O'Connor's inclinations as a storyteller get in the way of his novel. He is too easily diverted from his deterministic "tragedy of innocence." By his own critical standards, a novel requires a society, not just a vague backdrop. O'Connor appears so intrigued by the people that he barely elaborates on the world in which they live, the world that supposedly crushes their dreams. Still, the setting of the novel is drawn with such swift sympathy that it strikes the reader as absolutely genuine, a tribute Sean O'Faolain believed, "the only real tribute" Cork's poor ever received. It is precisely his sympathy that diverts O'Connor's attention. When he sketches a tenement feud, or the face of one of Cork's "characters," or the tone of an overheard conversation, he appears diverted by the potential story; a passing glance should be part of a carefully sustained progress rather than a frozen moment.
All in all, then, the part dominates the whole in The Saint and Mary Kate, and the part that dominates most exquisitely is character. The strength of this novel is its characters. (p. 109)
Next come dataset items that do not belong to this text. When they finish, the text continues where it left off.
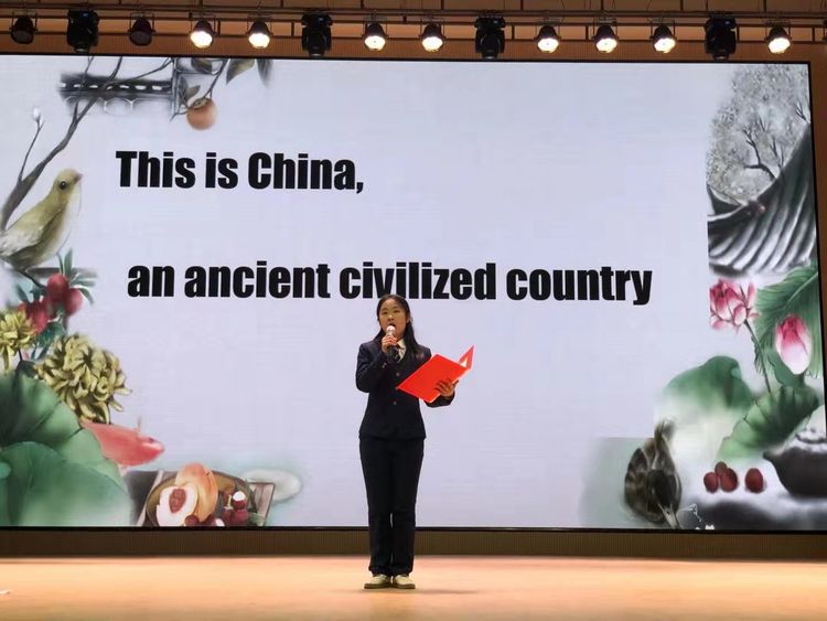 27位选手用自己深刻的理解生动诠释了中国文化,中国精神。同学们的热情也激励着老师们,在比赛最后环节英语组老师们进行即兴诗朗诵,表达她们对于祖国的热爱。
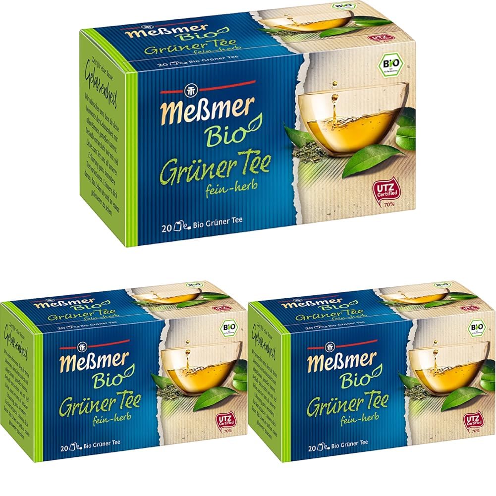 Messmer Bio Grüner Tee | fein-herb | 20 Teebeutel | Vegan | Glutenfrei | Laktosefrei (Packung mit 3)
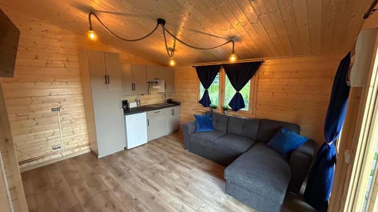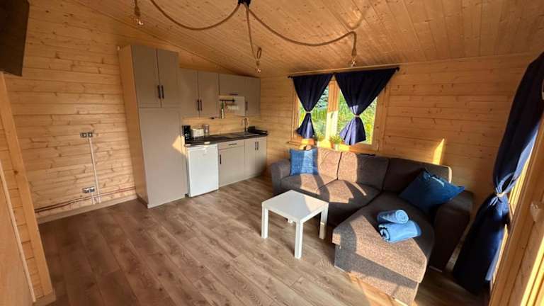 Die Küchenzeile im Ferienhaus ist gut ausgestattet und verfügt über einen Kühlschrank sowie eine Herdplatte, es sind jedoch keine spezifischen Verpflegungsoptionen angegeben.
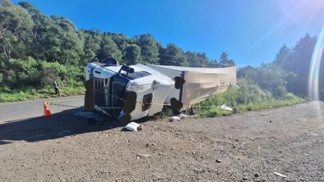 Caminhão tomba em rodovia de SC e deixa duas vítimas fatais

Inevitably … The Saint and Mary Kate stands not on its own merit as a novel but on what it reveals about the personal and artistic concerns of Frank O'Connor at the beginning of his career. He was a lyric poet who felt ill at ease behind the mannered mask of verse. He was a storyteller interested more in the flash points of human existence than in the sweeping artifice. And he was a lonely young writer trying to find himself. (p. 111)
James H. Matthews, "Women, War and Words: Frank O'Connor's First Confessions," in Irish Renaissance Annual I, edited by Zack Bowen (© 1980 by Associated University Presses, Inc.), University of Delaware Press, 1980, pp. 73-112.